In Table 1, with the risk of oversimplifying matters, the main differences between goal-oriented evaluation, which is usually conducted for accountability purposes, and system innovative learning-oriented evaluation, are exposed.
Comparison of evaluation for accountability and evaluation for learning for system innovation.
According to Guijt (2010), two ideas keep accountability and learning apart in evaluation practice. First, the deeply rooted notion that accountability is not learning. Secondly, the idea that intervention theories represent reality rather than provide a simplified map rationalising a small part of reality.
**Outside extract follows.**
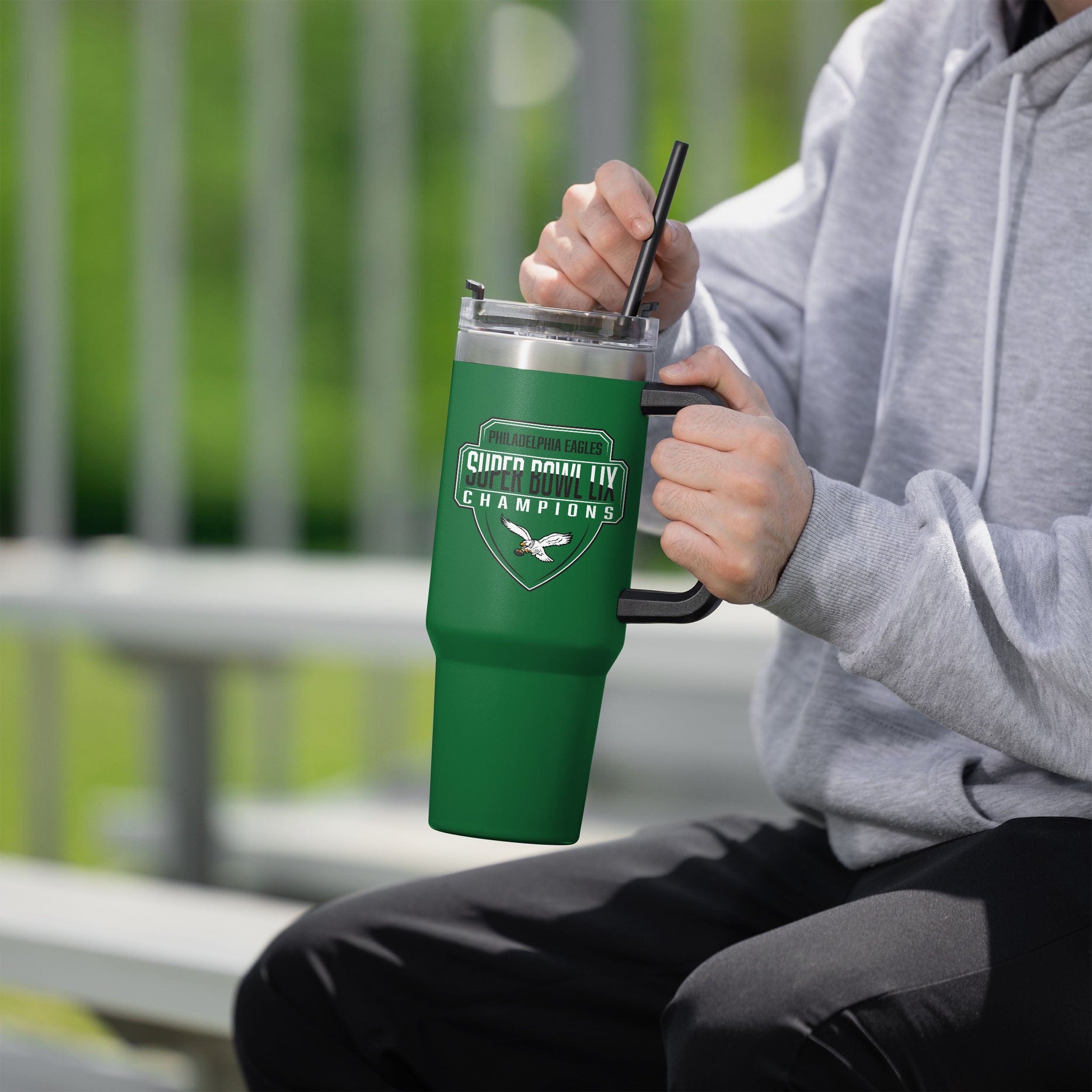 Don't forget to balance out that celebration with some hydration. This Philadelphia Eagles Super Bowl LIX Champions Kelly Green 40 oz Team Color XL Tumbler can help!
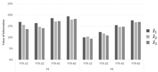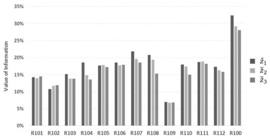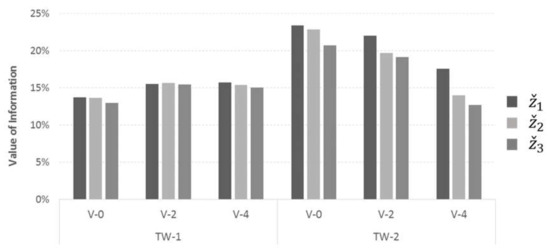 Figure 6 presents the performance (with respect to VoI of Section 5.1.2) of each objective for each investigated instance of the R1 dataset (incl. R100), averaged over all test problems and re-optimization policies and tactics. As before, lower values of VoI correspond to better performance. According to the figure, objectives and (which consider vehicle productivity) seem to provide more efficient solutions for cases with increasing TW width, compared to objective ; this improvement is more pronounced in cases with wide TW (R103, R104, R107, R108) or no time windows (R100).

Several practicing evaluation scholars have contested the prevalent assumption that accountability and learning and related mainstream evaluation systems are methodologically and practically irreconcilable (Guijt, 2010; Van Mierlo et al., 2010b; Zapico-Goñi, 2007). Suggested ways to overcome tensions, and combinations thereof, are: a) redefining accountability (e.g. Ebrahim, 2005; Perrin, 2002) or diversification of its meaning for different policy contexts (e.g. Zapico-Goñi, 2007), b) articulating the complementary values of learning and accountability to be used as design criteria for the evaluation approach (e.g. Van Mierlo et al., 2010b), c) reformulating accountability evaluation questions from a learning perspective by regarding accountability as one of the learning purposes (Guijt, 2010).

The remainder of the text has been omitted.